Exercise requirements:
Everything in the data except the pictures belongs in your answer, copied exactly.

Data provided:
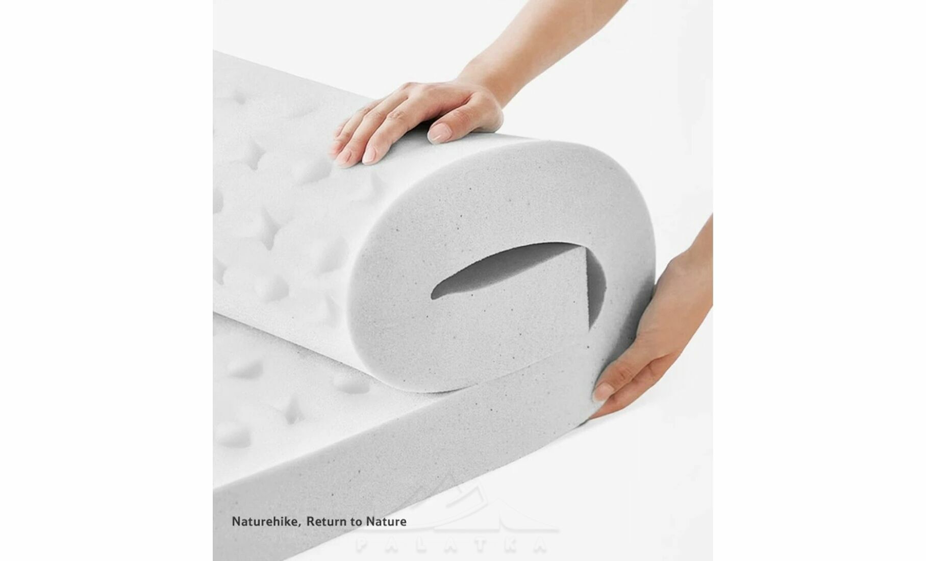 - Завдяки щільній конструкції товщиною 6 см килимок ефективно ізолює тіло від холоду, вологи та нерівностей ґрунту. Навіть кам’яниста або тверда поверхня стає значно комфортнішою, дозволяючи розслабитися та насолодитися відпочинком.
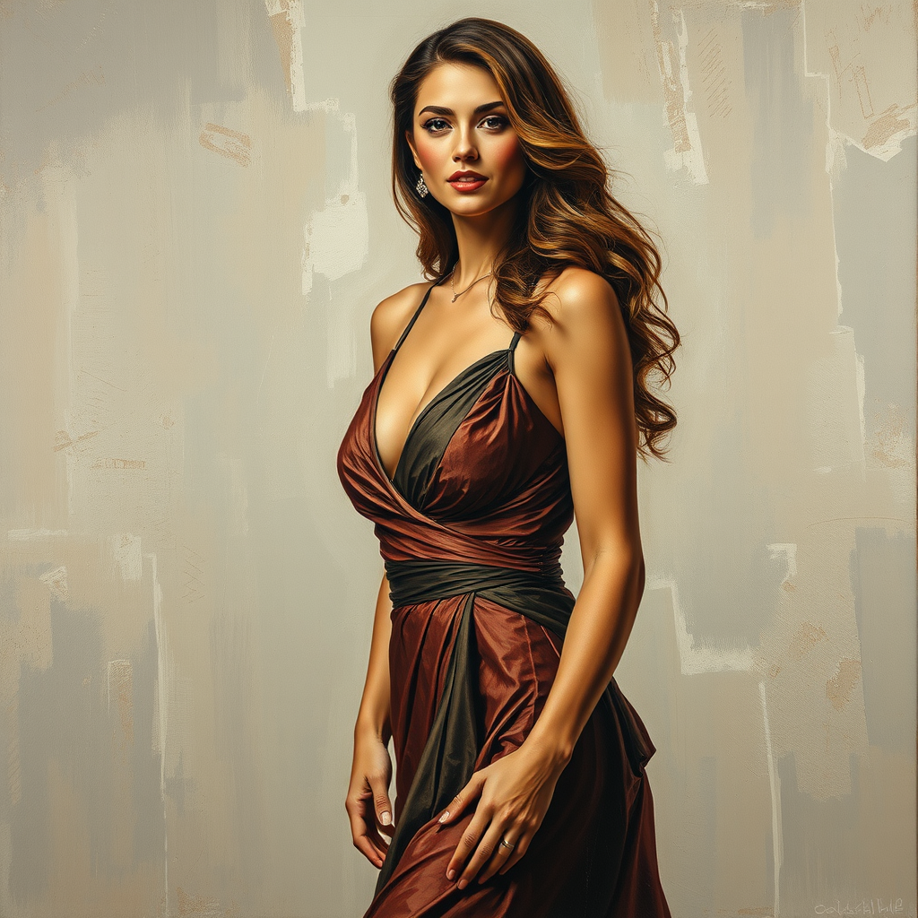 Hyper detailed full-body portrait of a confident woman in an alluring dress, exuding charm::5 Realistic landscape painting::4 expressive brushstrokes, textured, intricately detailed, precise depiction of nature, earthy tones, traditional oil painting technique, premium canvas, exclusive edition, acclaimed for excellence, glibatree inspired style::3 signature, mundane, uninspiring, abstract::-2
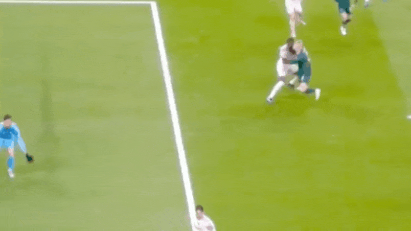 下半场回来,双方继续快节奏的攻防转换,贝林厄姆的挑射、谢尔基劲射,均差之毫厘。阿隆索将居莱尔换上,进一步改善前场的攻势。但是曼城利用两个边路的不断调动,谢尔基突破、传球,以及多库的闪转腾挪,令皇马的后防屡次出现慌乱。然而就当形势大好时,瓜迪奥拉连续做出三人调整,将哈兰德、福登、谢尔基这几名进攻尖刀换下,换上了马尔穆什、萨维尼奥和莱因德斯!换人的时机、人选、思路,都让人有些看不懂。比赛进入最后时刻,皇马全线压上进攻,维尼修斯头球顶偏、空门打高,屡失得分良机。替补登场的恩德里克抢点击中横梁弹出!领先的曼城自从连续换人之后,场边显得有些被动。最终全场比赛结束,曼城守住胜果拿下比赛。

Result for this task:
 - Завдяки щільній конструкції товщиною 6 см килимок ефективно ізолює тіло від холоду, вологи та нерівностей ґрунту. Навіть кам’яниста або тверда поверхня стає значно комфортнішою, дозволяючи розслабитися та насолодитися відпочинком.
 Hyper detailed full-body portrait of a confident woman in an alluring dress, exuding charm::5 Realistic landscape painting::4 expressive brushstrokes, textured, intricately detailed, precise depiction of nature, earthy tones, traditional oil painting technique, premium canvas, exclusive edition, acclaimed for excellence, glibatree inspired style::3 signature, mundane, uninspiring, abstract::-2
 下半场回来,双方继续快节奏的攻防转换,贝林厄姆的挑射、谢尔基劲射,均差之毫厘。阿隆索将居莱尔换上,进一步改善前场的攻势。但是曼城利用两个边路的不断调动,谢尔基突破、传球,以及多库的闪转腾挪,令皇马的后防屡次出现慌乱。然而就当形势大好时,瓜迪奥拉连续做出三人调整,将哈兰德、福登、谢尔基这几名进攻尖刀换下,换上了马尔穆什、萨维尼奥和莱因德斯!换人的时机、人选、思路,都让人有些看不懂。比赛进入最后时刻,皇马全线压上进攻,维尼修斯头球顶偏、空门打高,屡失得分良机。替补登场的恩德里克抢点击中横梁弹出!领先的曼城自从连续换人之后,场边显得有些被动。最终全场比赛结束,曼城守住胜果拿下比赛。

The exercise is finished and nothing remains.